At the age of 21, a romance with INXS bad boy Michael Hutchence led her to take control of her image for the first time, reinventing her good-girl persona with the sexy video for her single Better the Devil You Know. The critics loved it, but fans did not warm to the new edgier Kylie. As a result, her career suffered a decline in the 1990s, with a number of collaborative projects and films failing to take off.

In 2000, inspired by the disco acts of the 1970s and assisted by tiny gold hotpants, her comeback single Spinning Around (left) became her first British number one for a decade. Hardened critics melted once more, marvelling at Kylie's ability to be both superstar and businesswoman – the singer had by this time launched a successful fragrance and ranges of lingerie and bedlinen.

Then in May 2005 everything was put in perspective.

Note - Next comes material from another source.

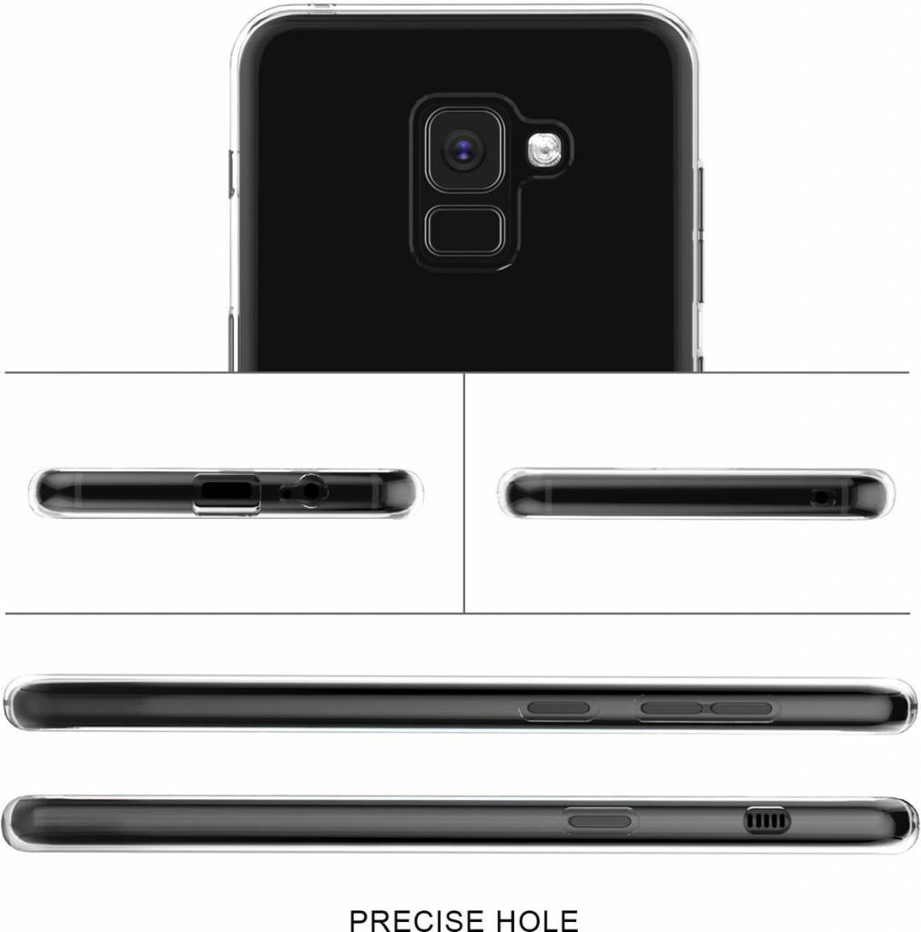 De transparante behuizing is gemaakt van het extreem flexibele TPU-materiaal. Dit materiaal is zeer geschikt voor een koffer omdat het zeer flexibel, zeer sterk en zelfs vet- en oliebestendig is. De hoesje is ook zo ontworpen dat de hoesje om de randen van uw Samsung Galaxy A8 (2018) vouwt. Op deze manier worden de hoeken ook beschermd en de koffer kan ook de dagelijkse kleine schokken en schokken opvangen
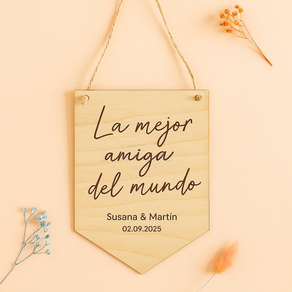 Para ese grupo que siempre está ahí. Diseñamos regalos personalizados para amigos con nombres y fecha, mensajes a tu estilo (divertidos o emotivos) y estética coordinada con vuestras invitaciones. Acabados cuidados, presentación elegante y opciones de packs para la cuadrilla.

Diagnosed with breast cancer, the 38-year-old issued a statement and cancelled her Showgirl tour. But just 18 months later, after undergoing a partial mastectomy, followed by chemotherapy and radiotherapy, she returned to the stage with the treatment widely hailed as a success.

Today Kylie is a global superstar renowned for her spectacular shows. She has sold more than 60 million records worldwide and is getting ready to work on her 11th studio album.